But the question comes to mind: whose dead?  Should it matter how they're displayed?  Is this humane?  I'm not so freewheeling in my ethics that I see any corpse or relic as simple materials to be exploited.  However, should there not be some limits to how well they're protected, lest we end up being defacto religious?

And then that raises another quandary...I am atheist, but I am (as the kids say) totes down with your religion as long as you don't use it as a weapon.  I actually do respect the good that is possible with religious communities and the individuals that I find and get to know on a personal basis.  I don't respect it because it's "the thing to do and shut up and don't ask questions".  But I do pride myself on not being an obnoxious nonbeliever.  So I'll tip my hat to traditions - I keep a few pieces of papist idolatry around the house, I say hi to the local deity on a friend's altar, and so on.  More to the point, I also don't walk on graves if I can help it.  I criticize the excesses of the American funeral industry, but I see its necessity.  I consider the dead still with us in some sense.  Ancestor reverence is a big part of my worldview.  Not being an ass is another large part of my worldview.  So where does this leave me with dead bodies and pieces of them?  

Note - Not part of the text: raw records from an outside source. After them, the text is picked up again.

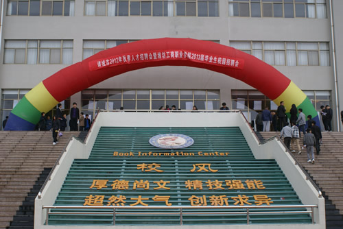 为贯彻落实省、市有关毕业生就业政策,做好2012年毕业生就业工作,满足用人单位对优秀人才的需求,更好地帮助毕业生顺利就业, 11月3日,“诸城市2012年秋季人才招聘洽谈会暨潍坊工商职业学院2013届毕业生校园招聘会”在我院图书信息中心举行。来自省内外的300多家用人单位现场招聘,学院应往届毕业生2300多人到会求职。市人社局、教育局的领导、院长王立波、工会主任唐德良亲临现场视察、指导。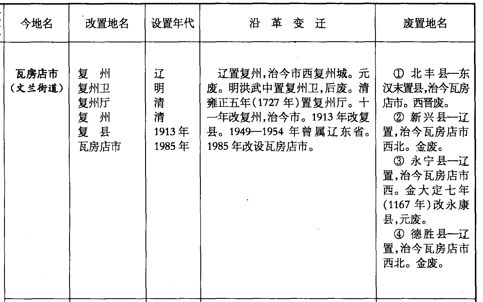 辽置复州,治今市西复州城。元废。明洪武中置复州卫,后废。清雍正五年(1727年)置复州厅。十一年改复州,治今市。1913年改复县。1949—1954年曾属辽东省。1985年改设瓦房店市。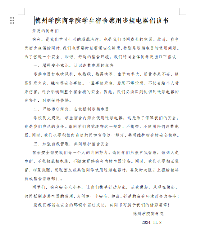 《taptap点点体育学生宿舍禁用违规电器倡议书》从三方面强调宿舍安全,号召学生不仅要充分认识使用违规电器的危害,更要自觉抵制违规电器。最后,倡议书强调广大同学不仅要加强自我管理,还要勇于监督、提醒身边的同学,共同维护宿舍安全。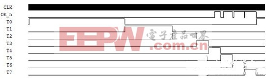 以下介绍如何对R进行灰度控制,G,B的灰度控制原理是类似的。8T对应8bit灰度值的最高位R[7],其刷新的时间长度为8T;4T对应8bit灰度值的次高位R[6],其刷新的时间长度为4T……1/16T对应最低位R[0],其刷新的时间长度为1/16T.如图8所示, R[7]在T0周期送出,R[6]在T1周期送出,R[5]在T2周期送出……R[0]在T7周期送出。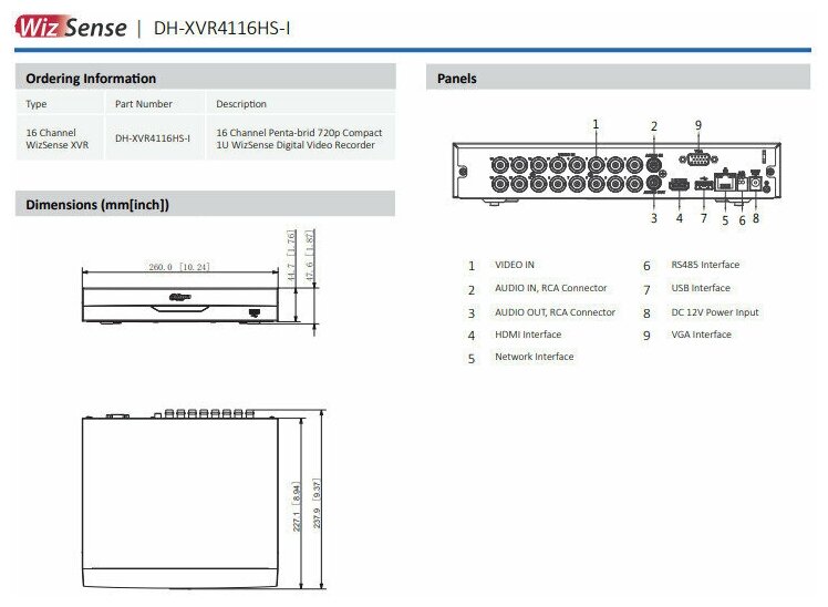 - Поддерживает видеовходы HDCVI / AHD / TVI / CVBS / IP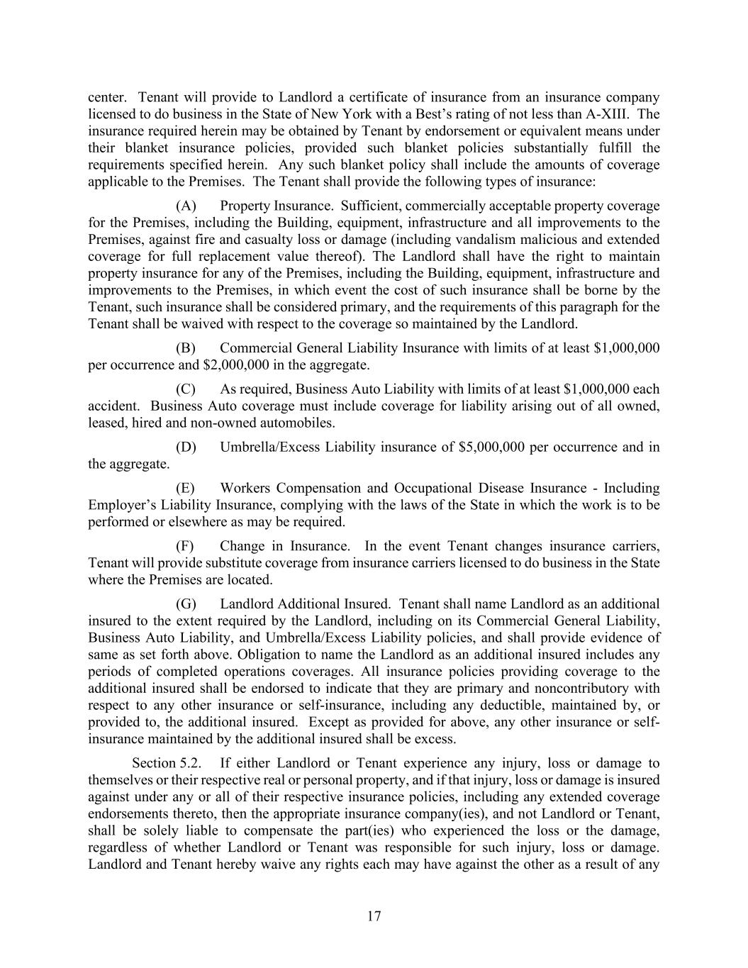 17 center. Tenant will provide to Landlord a certificate of insurance from an insurance company licensed to do business in the State of New York with a Best’s rating of not less than A-XIII. The insurance required herein may be obtained by Tenant by endorsement or equivalent means under their blanket insurance policies, provided such blanket policies substantially fulfill the requirements specified herein. Any such blanket policy shall include the amounts of coverage applicable to the Premises. The Tenant shall provide the following types of insurance: (A) Property Insurance. Sufficient, commercially acceptable property coverage for the Premises, including the Building, equipment, infrastructure and all improvements to the Premises, against fire and casualty loss or damage (including vandalism malicious and extended coverage for full replacement value thereof). The Landlord shall have the right to maintain property insurance for any of the Premises, including the Building, equipment, infrastructure and improvements to the Premises, in which event the cost of such insurance shall be borne by the Tenant, such insurance shall be considered primary, and the requirements of this paragraph for the Tenant shall be waived with respect to the coverage so maintained by the Landlord. (B) Commercial General Liability Insurance with limits of at least $1,000,000 per occurrence and $2,000,000 in the aggregate. (C) As required, Business Auto Liability with limits of at least $1,000,000 each accident. Business Auto coverage must include coverage for liability arising out of all owned, leased, hired and non-owned automobiles. (D) Umbrella/Excess Liability insurance of $5,000,000 per occurrence and in the aggregate. (E) Workers Compensation and Occupational Disease Insurance - Including Employer’s Liability Insurance, complying with the laws of the State in which the work is to be performed or elsewhere as may be required. (F) Change in Insurance. In the event Tenant changes insurance carriers, Tenant will provide substitute coverage from insurance carriers licensed to do business in the State where the Premises are located. (G) Landlord Additional Insured. Tenant shall name Landlord as an additional insured to the extent required by the Landlord, including on its Commercial General Liability, Business Auto Liability, and Umbrella/Excess Liability policies, and shall provide evidence of same as set forth above. Obligation to name the Landlord as an additional insured includes any periods of completed operations coverages. All insurance policies providing coverage to the additional insured shall be endorsed to indicate that they are primary and noncontributory with respect to any other insurance or self-insurance, including any deductible, maintained by, or provided to, the additional insured. Except as provided for above, any other insurance or self- insurance maintained by the additional insured shall be excess. Section 5.2. If either Landlord or Tenant experience any injury, loss or damage to themselves or their respective real or personal property, and if that injury, loss or damage is insured against under any or all of their respective insurance policies, including any extended coverage endorsements thereto, then the appropriate insurance company(ies), and not Landlord or Tenant, shall be solely liable to compensate the part(ies) who experienced the loss or the damage, regardless of whether Landlord or Tenant was responsible for such injury, loss or damage. Landlord and Tenant hereby waive any rights each may have against the other as a result of any

Every corpse you see in a museum, that was someone's parent, spouse, lover, friend, or child.  Every bone was once housed in flesh and muscle, and once moved through this world as the mind within that body thought, opined, suffered, and rejoiced.  This was once part of a human being and for that it should be respected.  "Respect" differs widely between cultures.  There are cultures that can't bring themselves to say the word "dead"  (people don't die, they "pass").  Then there are cultures that haul the corpse right back out of the ground and change its clothes.  Many people in this world fall somewhere in between.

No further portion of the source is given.